In ultimate limit state (ULS) verification, shear transfer is neglected. In finite element analysis (FEA), an extremely low shear modulus such as G = 0.0001 N/mm2 can be used pragmatically to achieve convergency without affecting the glass stiffness and analysis results. For full shear interaction, the engineer can either use a monolithic glass ply with the sum of laminated glass ply thicknesses (full compound) or a high shear modulus G > 300 N/mm2 [as mentioned in SJ MEPLA (2022a)].

Beside the simple and fast procedure, there are two additional provisions that are advantageous for engineering:

  1. (a)

    The design stress can be increased about 10% for all glass types (kV = 1.1)

  2. (b)

    For service limit state (SLS), a shear modulus of G = 0.4 N/mm2 can be applied for short load actions.
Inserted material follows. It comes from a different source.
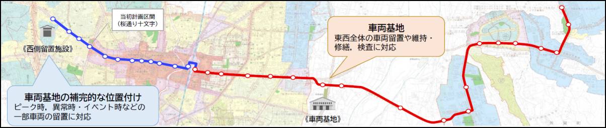 宇都宮市はライトラインの西側延伸について、路線計画・施設計画の検討状況や需要予測などを明らかにした。異常時やイベント時の対応施設として中間停留場の渡り線や車両の留置施設などの整備を新たに盛り込んだが、一方で地下埋設物が東側の既開業区間より多いなど課題も浮き彫りになった。

2.7 Procedure considering shear transfer of interlayers

Considering shear transfer is only allowed for LSG according to EN ISO 12543-2 (2011), not for LG according to EN ISO 12543-3 (2011). Application of the procedure including shear transfer may result in considerably increased design effort in engineering and should thus be applied if gains with respect to cost and construction can be achieved by the more detailed analysis: First, an appropriate calculation model, e.g. sandwich-theory based analytical approaches presented in Wölfel (1987) and Galuppi and Royer-Carfagni (2014) or either layered shell elements or volume elements in numerical analyses, must be used for the laminate. Second, the non-linear properties of the polymer/ionomer interlayer have to be readily available or need to be determined. Due to the load speed and temperature dependent material properties, polymeric and ionomer interlayers are typically modelled using viscoelastic material laws. A typical practical analysis approach is to choose the appropriate shear modulus of the interlayer for the respective load duration and temperature for each of the applied load cases. In each load combination, the respective shear modulus is thus chosen according to the leading variable action. Thus, each respective analysis run can use linear-elastic material laws. The SIA 2057 contains a table with recommended load durations and laminate temperatures for standard cases. Those must be determined for each load case.

As a qualitative example, a LSG that is accessible for maintenance work in summer and winter, may be subject to the following analysis situations:

  • Winter cases:

    • Simultaneous snow and maintenance load

      γG Gk + γQ·Pk + ψ0,s skor γG Gk + γQ·sk + ψ0,P Pk

    • Low temperature (snow), thus higher interlayer stiffness and increased laminate stiffnessγG·Gk + γQ·Pk

  • Summer case:

    Maintenance load only (no snow)γG·Gk + γQ·Pk

  • Higher temperature, thus lower interlayer stiffness and reduced laminated stiffness

Even though the combined snow and maintenance load in winter are higher than the sole maintenance load in the summer case, the influence of the temperature on the interlayer shear modulus could still result in higher tensile bending stress caused by the maintenance load in summer due of the reduced stiffness of the glass laminate. It is usually necessary to determine the governing situation (that causes the max. tensile glass stress) of load combinations and respective laminate stiffness due to temperature by analyzing all possible combinations.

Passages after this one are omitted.